An exact reproduction is needed of every line from the beginning of the data down to and including the line that contains "Schreiben von Heinrich", minus the pictures.
Start of RECORDED INFORMATION
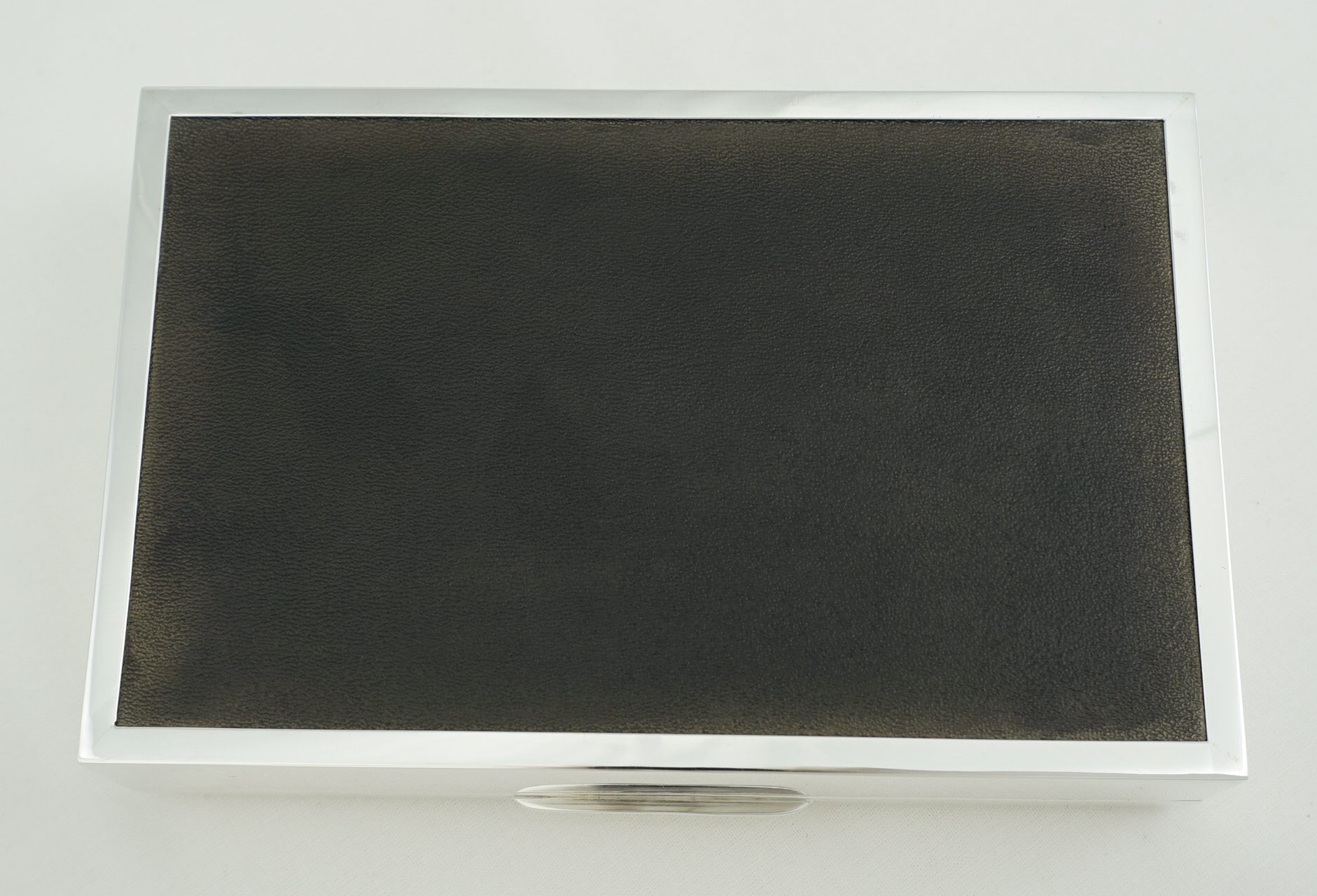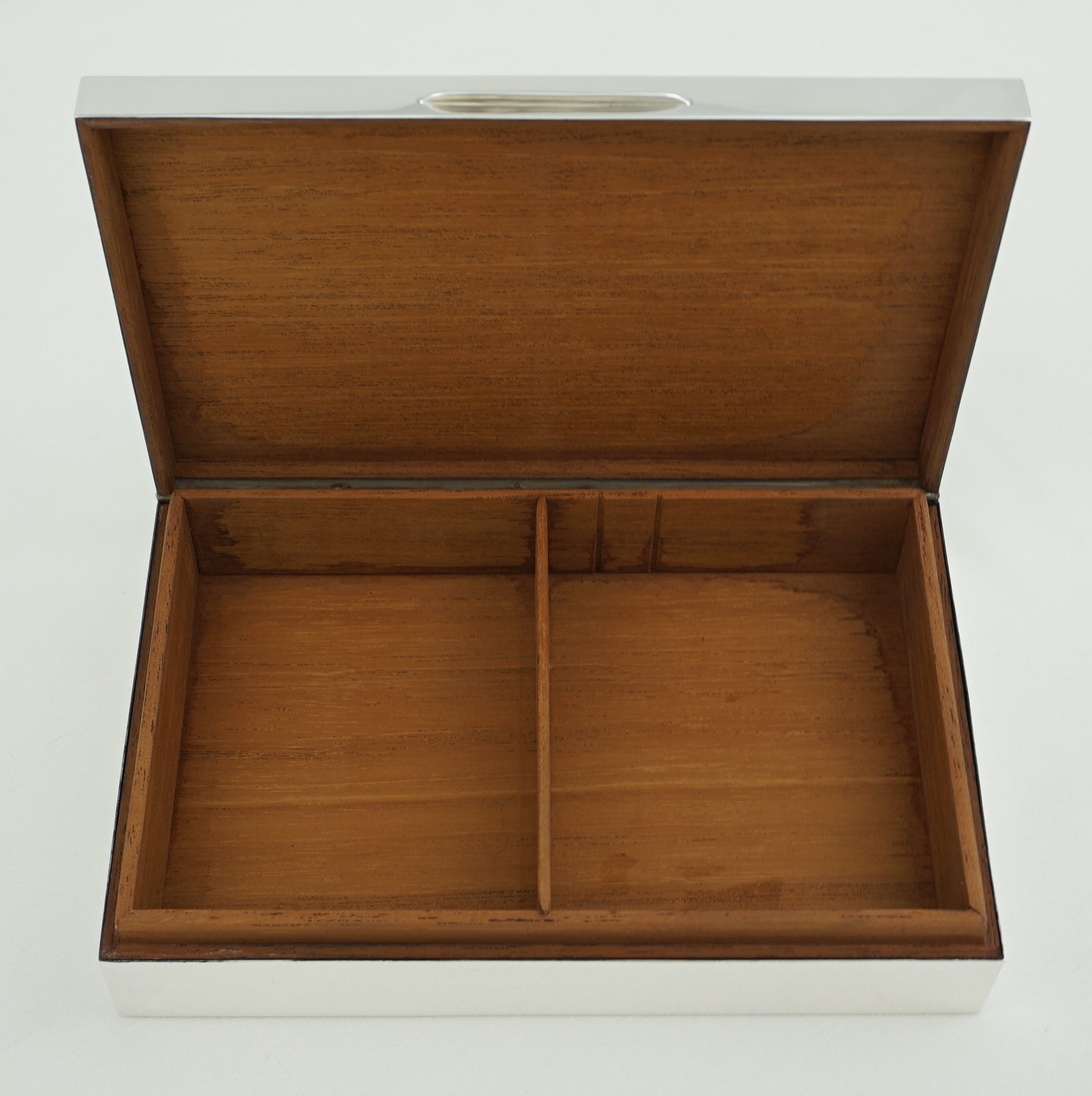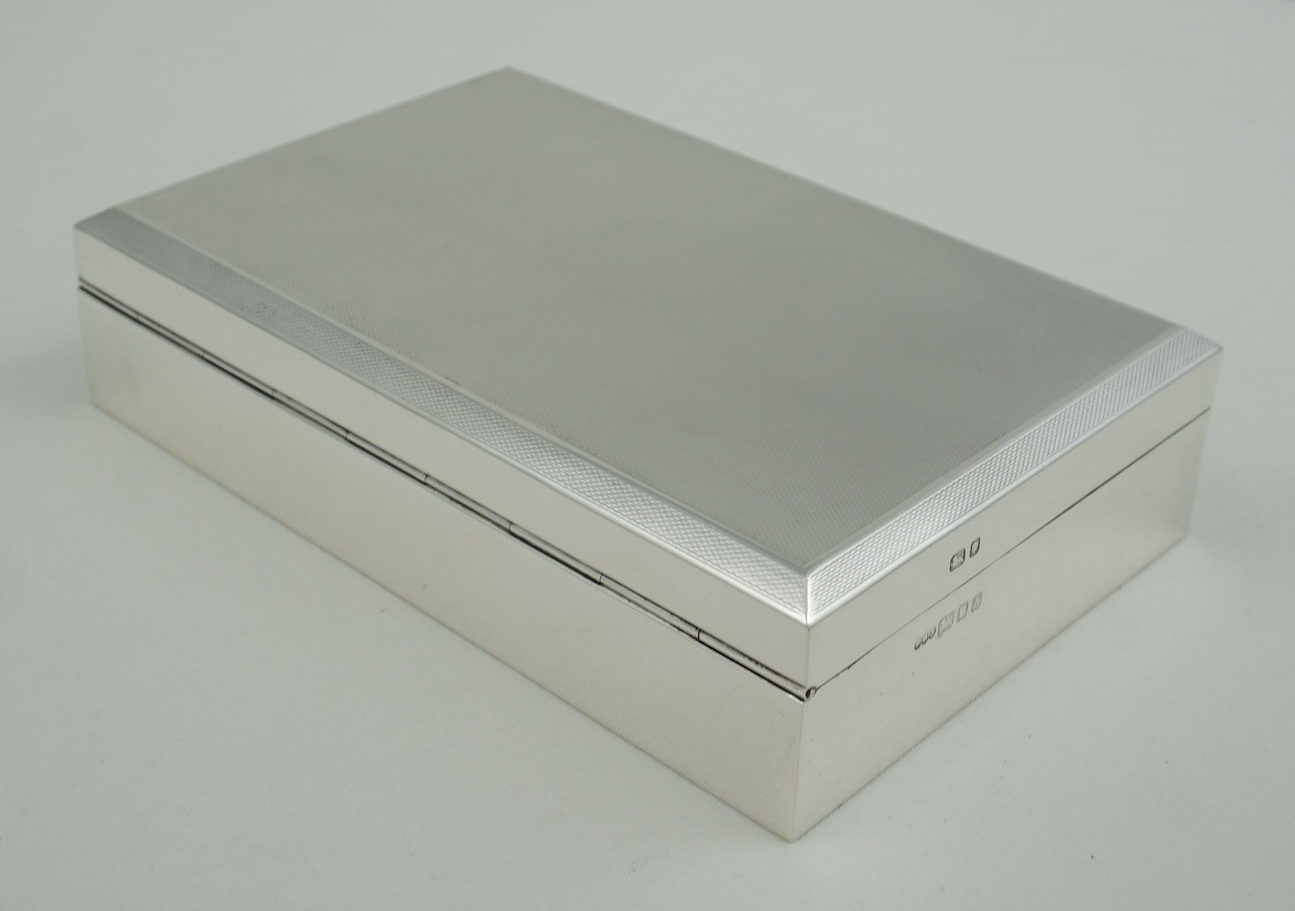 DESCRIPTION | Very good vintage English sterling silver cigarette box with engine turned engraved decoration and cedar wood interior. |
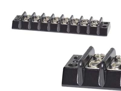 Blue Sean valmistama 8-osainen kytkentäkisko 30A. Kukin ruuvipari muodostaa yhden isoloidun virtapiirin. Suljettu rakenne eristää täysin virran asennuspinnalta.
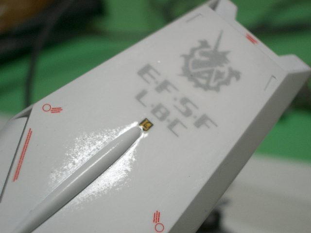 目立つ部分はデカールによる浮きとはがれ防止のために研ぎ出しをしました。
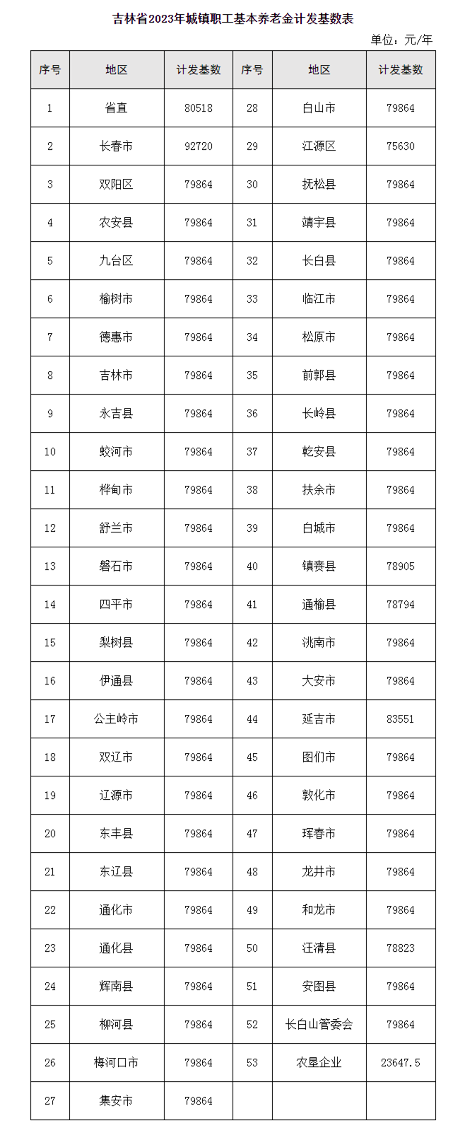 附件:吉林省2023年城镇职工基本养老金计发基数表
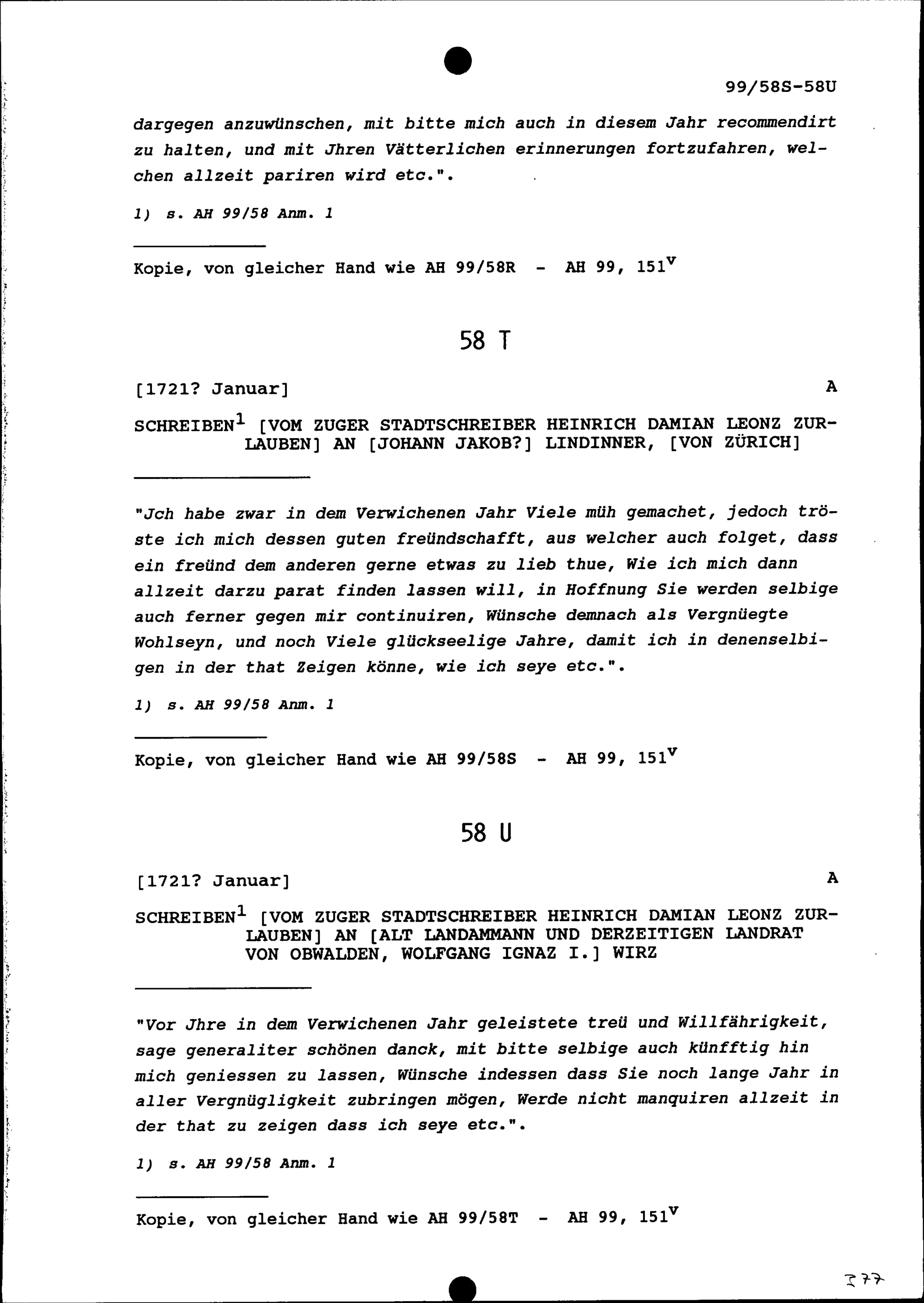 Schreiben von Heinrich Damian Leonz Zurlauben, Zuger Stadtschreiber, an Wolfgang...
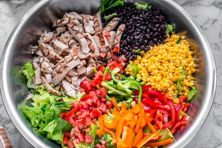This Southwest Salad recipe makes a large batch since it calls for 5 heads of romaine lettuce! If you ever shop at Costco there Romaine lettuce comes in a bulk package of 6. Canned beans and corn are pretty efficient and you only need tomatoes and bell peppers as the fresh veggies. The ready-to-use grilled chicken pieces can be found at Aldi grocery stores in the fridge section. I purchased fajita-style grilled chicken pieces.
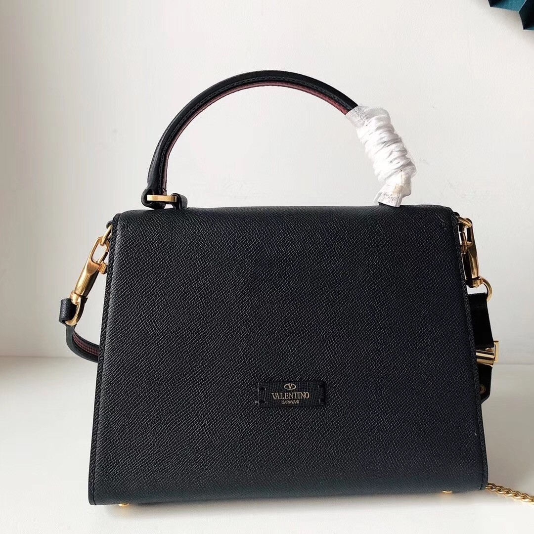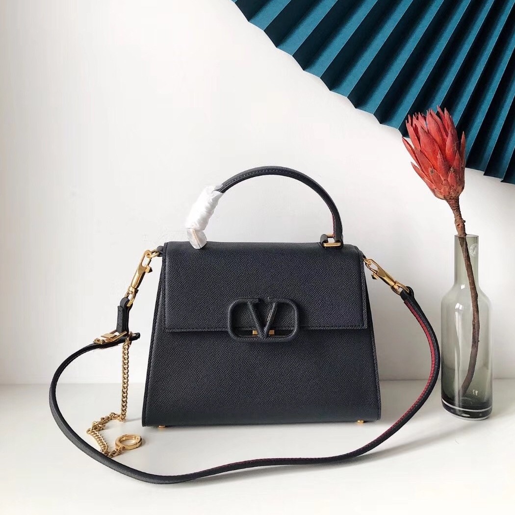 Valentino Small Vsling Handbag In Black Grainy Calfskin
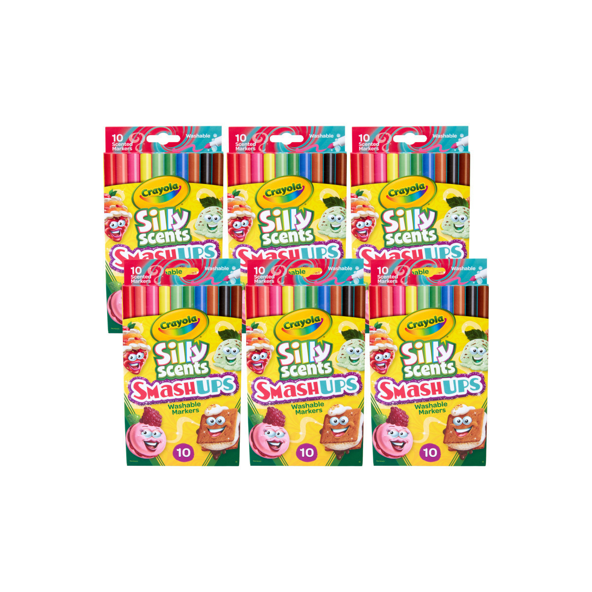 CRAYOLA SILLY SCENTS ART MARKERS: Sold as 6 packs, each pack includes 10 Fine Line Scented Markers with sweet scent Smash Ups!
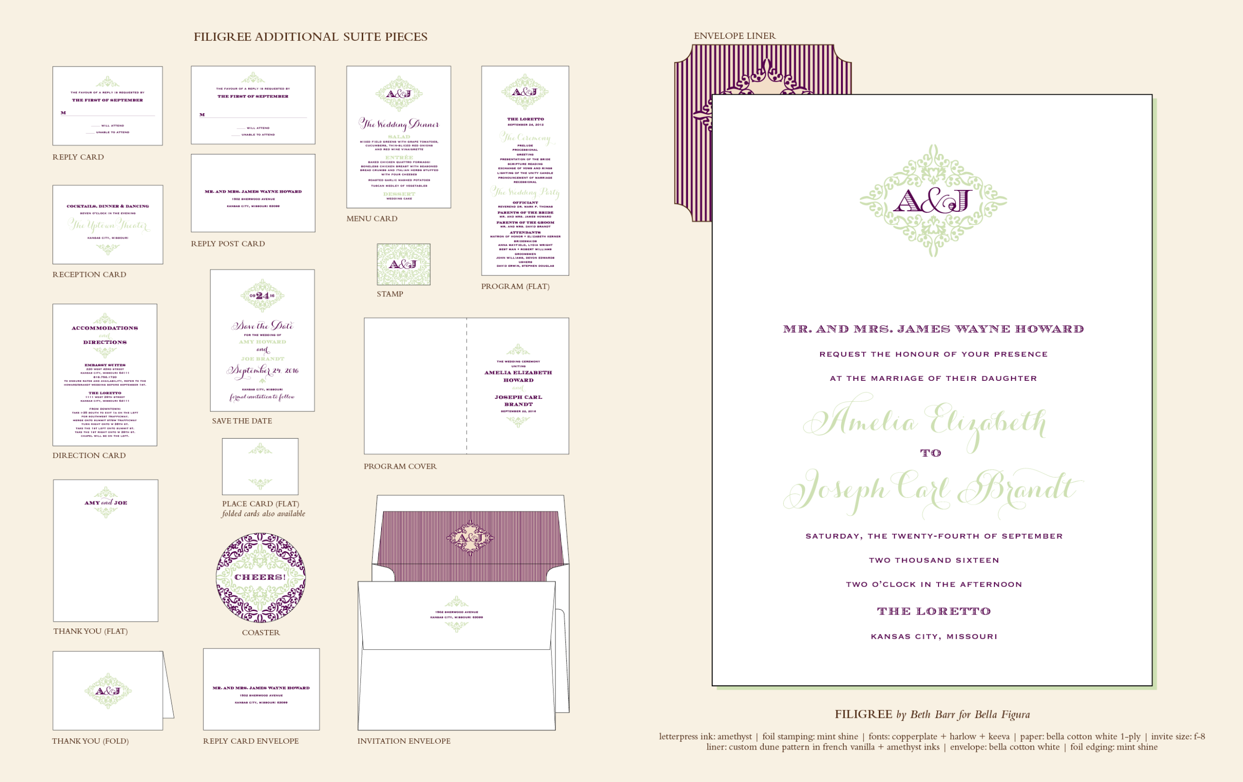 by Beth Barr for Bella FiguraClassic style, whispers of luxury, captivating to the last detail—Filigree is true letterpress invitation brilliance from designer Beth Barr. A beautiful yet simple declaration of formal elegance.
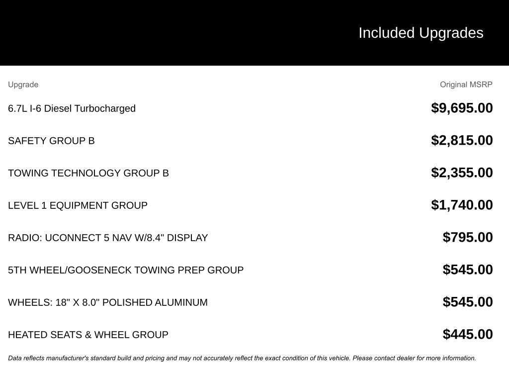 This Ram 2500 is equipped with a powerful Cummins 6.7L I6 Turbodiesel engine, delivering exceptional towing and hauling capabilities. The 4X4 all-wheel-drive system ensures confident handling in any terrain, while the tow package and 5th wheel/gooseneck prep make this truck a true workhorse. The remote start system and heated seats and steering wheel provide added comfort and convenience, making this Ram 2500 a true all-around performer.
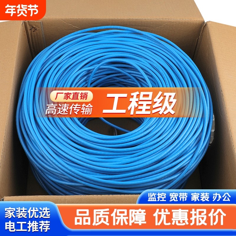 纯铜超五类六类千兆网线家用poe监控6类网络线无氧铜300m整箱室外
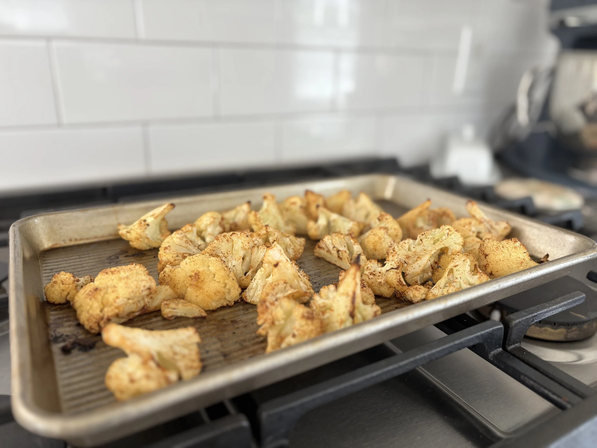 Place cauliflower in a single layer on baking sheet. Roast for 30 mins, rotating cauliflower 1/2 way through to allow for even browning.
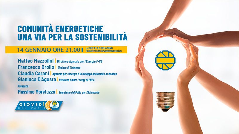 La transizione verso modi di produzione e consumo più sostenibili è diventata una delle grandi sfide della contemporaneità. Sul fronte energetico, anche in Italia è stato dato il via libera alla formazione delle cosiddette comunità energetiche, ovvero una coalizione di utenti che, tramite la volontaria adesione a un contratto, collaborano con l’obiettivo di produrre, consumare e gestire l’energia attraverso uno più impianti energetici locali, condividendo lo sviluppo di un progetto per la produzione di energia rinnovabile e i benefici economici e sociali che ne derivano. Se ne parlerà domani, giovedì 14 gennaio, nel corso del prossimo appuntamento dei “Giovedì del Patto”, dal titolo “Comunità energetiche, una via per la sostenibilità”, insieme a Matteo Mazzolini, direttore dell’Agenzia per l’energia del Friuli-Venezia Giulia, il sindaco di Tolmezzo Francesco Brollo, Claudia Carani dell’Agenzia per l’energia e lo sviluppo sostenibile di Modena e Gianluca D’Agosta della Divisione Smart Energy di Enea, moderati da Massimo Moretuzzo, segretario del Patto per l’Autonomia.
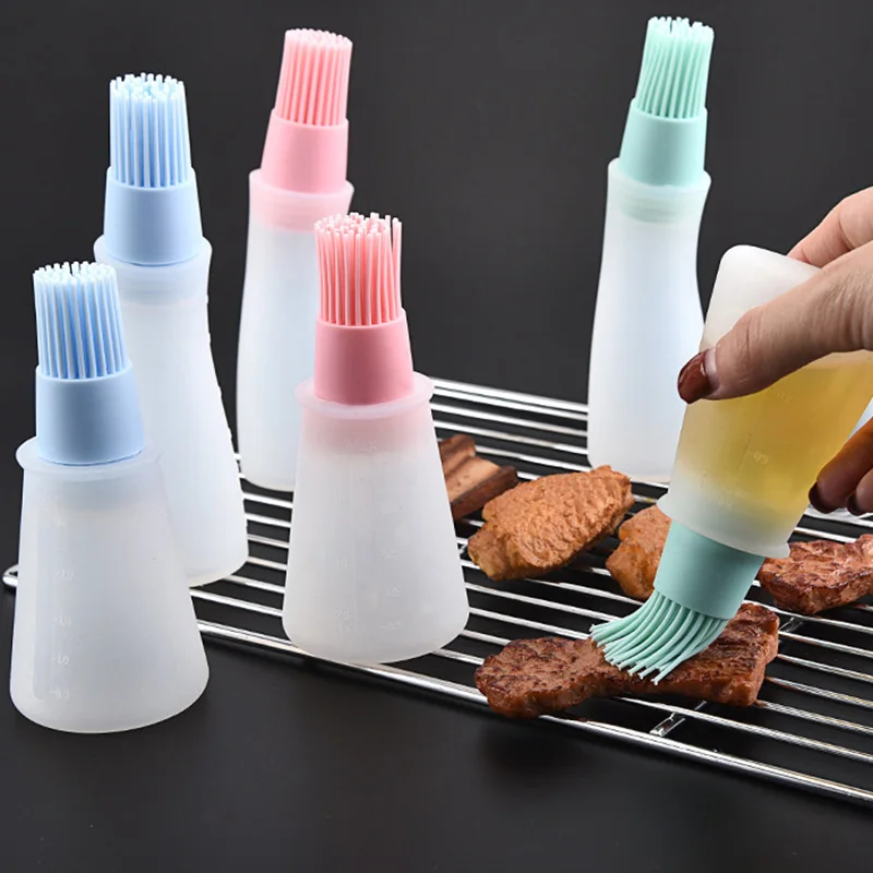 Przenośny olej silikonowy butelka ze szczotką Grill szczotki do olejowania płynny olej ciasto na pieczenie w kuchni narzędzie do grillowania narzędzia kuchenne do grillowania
End of RECORDED INFORMATION
◆ WORKED SOLUTION:
 DESCRIPTION | Very good vintage English sterling silver cigarette box with engine turned engraved decoration and cedar wood interior. |
 Blue Sean valmistama 8-osainen kytkentäkisko 30A. Kukin ruuvipari muodostaa yhden isoloidun virtapiirin. Suljettu rakenne eristää täysin virran asennuspinnalta.
 目立つ部分はデカールによる浮きとはがれ防止のために研ぎ出しをしました。
 附件:吉林省2023年城镇职工基本养老金计发基数表
 Schreiben von Heinrich Damian Leonz Zurlauben, Zuger Stadtschreiber, an Wolfgang...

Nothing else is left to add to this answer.